Well, not quite. In the case of $\mathbb{Z} $ (or more general, of Dedekind domains) one can repeat Kostant’s proof word for word provided one takes as the definition of the dual $\mathbb{Z} $-coalgebra
of an algebra (which is $\mathbb{Z} $-torsion free)

$A^o = { f~:~A \rightarrow \mathbb{Z}~:~A/Ker(f)~\text{is finitely generated and torsion free}~} $

(over general rings there may be also variants of this duality, as in Street’s book an Quantum groups). Probably lots of people have come up with this, but the only explicit reference I have is to the first paper I’ve ever written. So, also for algebras over $\mathbb{Z} $ we can define a suitable noncommutative integral scheme (the coradical approach accounts only for the maximal ideals rather than all primes, but somehow this is implicit in all approaches as we consider only thin schemes).

Fine! So, we can make sense of the noncommutative geometrical objects corresponding to the group-algebras $\mathbb{C} \Gamma $ and $\mathbb{Z} \Gamma $ where $\Gamma = PSL_2(\mathbb{Z}) $ is the modular group (the algebras corresponding to the $G \mapsto G_2 \times G_3 $-functor). But, what might be the points of the noncommutative scheme corresponding to $\mathbb{F}_1 \Gamma $???

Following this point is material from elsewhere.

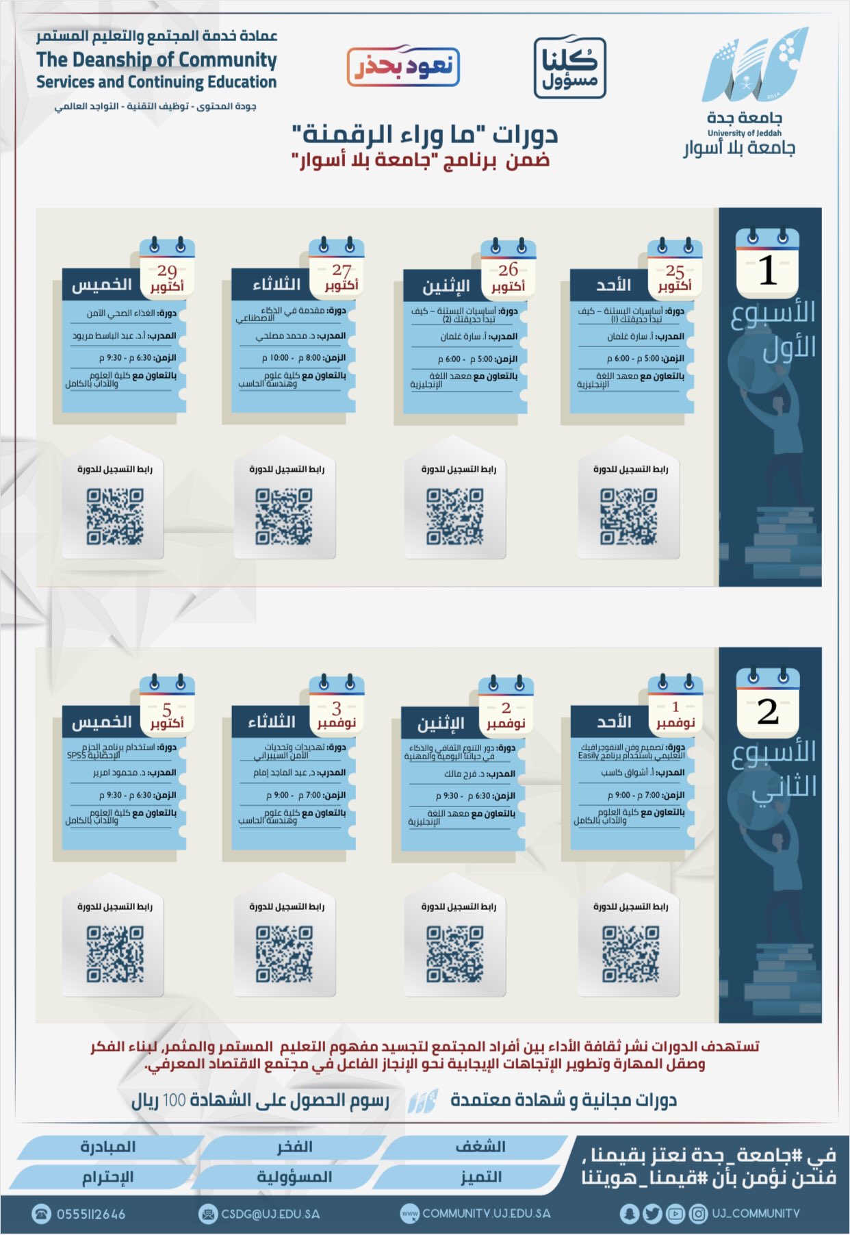 أعلنت جامعة جدة ممثلة في عمادة خدمة المجتمع والتعليم المستمر عن تقديم دورات مجانية بعنوان "ما وراء الرقمنة" ضمن برنامج جامعة بلا أسوار أحد برامج رؤية الجامعة السعودية الحديثة، تستهدف الدورات كافة فئات المجتمع لنشر ثقافة الأداء بين أفراد المجتمع لتجسيد مفهوم التعليم المستمر والمثمر، لبناء الفكر وصقل المهارة وتطوير الإتجاهات الإيجابية نحو الإنجاز الفاعل في مجمع الاقتصاد المعرفي، وذلك وفقاً للتفاصيل التالية: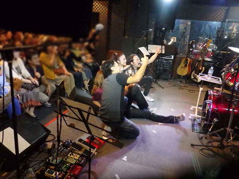まいねの仕事は、Masakiの譜面交換やメンバの椅子の設置、片付けなど。

Well, let’s continue the path cut out before. “Points” should correspond to finite dimensional “simple representations”. Hence, what are the finite dimensional simple $\mathbb{F}_1 $-representations of $\Gamma $? (Or, for that matter, of any group $G $)

Here we come back to Javier’s post on this : a finite dimensional $\mathbb{F}_1 $-vectorspace is a finite set. A $\Gamma $-representation on this set (of n-elements) is a group-morphism

$\Gamma \rightarrow GL_n(\mathbb{F}_1) = S_n $

hence it gives a permutation representation of $\Gamma $ on this set. But then, if finite dimensional $\mathbb{F}_1 $-representations of $\Gamma $ are the finite permutation representations, then the simple ones are the transitive permutation representations. That is, the points of the noncommutative scheme corresponding to $\mathbb{F}_1 \Gamma $ are the conjugacy classes of subgroups $H \subset \Gamma $ such that $\Gamma/H $ is finite. But these are exactly the modular dessins d’enfants introduced by Grothendieck as I explained a while back elsewhere (see for example this post and others in the same series).